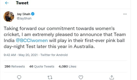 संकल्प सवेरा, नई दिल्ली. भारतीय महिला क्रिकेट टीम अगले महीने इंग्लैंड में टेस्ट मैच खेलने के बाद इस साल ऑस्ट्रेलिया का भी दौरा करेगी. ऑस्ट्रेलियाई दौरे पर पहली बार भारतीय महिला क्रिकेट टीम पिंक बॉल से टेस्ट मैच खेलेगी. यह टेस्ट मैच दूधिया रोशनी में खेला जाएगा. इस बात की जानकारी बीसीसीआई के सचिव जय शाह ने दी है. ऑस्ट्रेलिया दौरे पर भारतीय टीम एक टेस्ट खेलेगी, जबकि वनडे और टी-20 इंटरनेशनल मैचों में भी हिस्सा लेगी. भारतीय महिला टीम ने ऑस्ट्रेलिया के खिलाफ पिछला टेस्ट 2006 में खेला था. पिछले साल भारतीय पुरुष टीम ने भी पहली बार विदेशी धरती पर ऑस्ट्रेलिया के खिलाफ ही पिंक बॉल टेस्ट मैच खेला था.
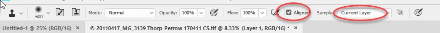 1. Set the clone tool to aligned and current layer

================

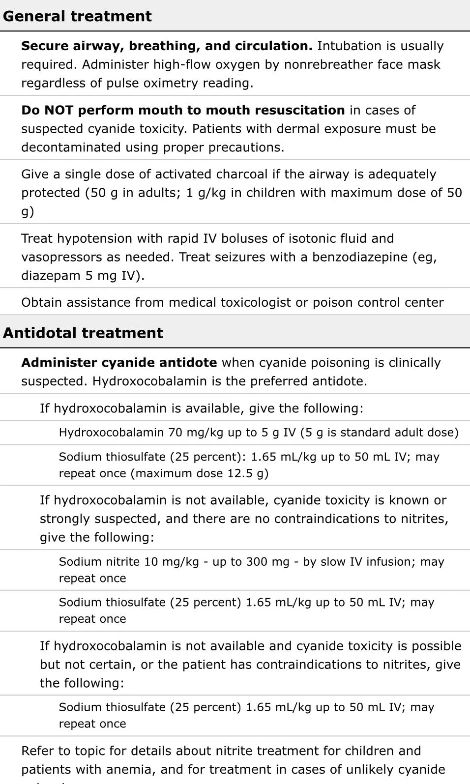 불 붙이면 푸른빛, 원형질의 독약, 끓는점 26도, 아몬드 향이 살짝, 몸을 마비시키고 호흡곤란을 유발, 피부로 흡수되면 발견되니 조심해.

================

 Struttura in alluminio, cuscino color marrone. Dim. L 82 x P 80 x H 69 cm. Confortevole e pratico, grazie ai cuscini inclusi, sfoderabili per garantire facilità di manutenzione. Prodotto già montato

================

■ **To do**
Exactly reproduce the lines above, starting at the one that contains "संकल्प सवेरा, नई" and ending at the one that contains "1. Set the clone", both inclusive; leave the pictures out and add no other lines.

■ **Completed task**
 संकल्प सवेरा, नई दिल्ली. भारतीय महिला क्रिकेट टीम अगले महीने इंग्लैंड में टेस्ट मैच खेलने के बाद इस साल ऑस्ट्रेलिया का भी दौरा करेगी. ऑस्ट्रेलियाई दौरे पर पहली बार भारतीय महिला क्रिकेट टीम पिंक बॉल से टेस्ट मैच खेलेगी. यह टेस्ट मैच दूधिया रोशनी में खेला जाएगा. इस बात की जानकारी बीसीसीआई के सचिव जय शाह ने दी है. ऑस्ट्रेलिया दौरे पर भारतीय टीम एक टेस्ट खेलेगी, जबकि वनडे और टी-20 इंटरनेशनल मैचों में भी हिस्सा लेगी. भारतीय महिला टीम ने ऑस्ट्रेलिया के खिलाफ पिछला टेस्ट 2006 में खेला था. पिछले साल भारतीय पुरुष टीम ने भी पहली बार विदेशी धरती पर ऑस्ट्रेलिया के खिलाफ ही पिंक बॉल टेस्ट मैच खेला था.
 1. Set the clone tool to aligned and current layer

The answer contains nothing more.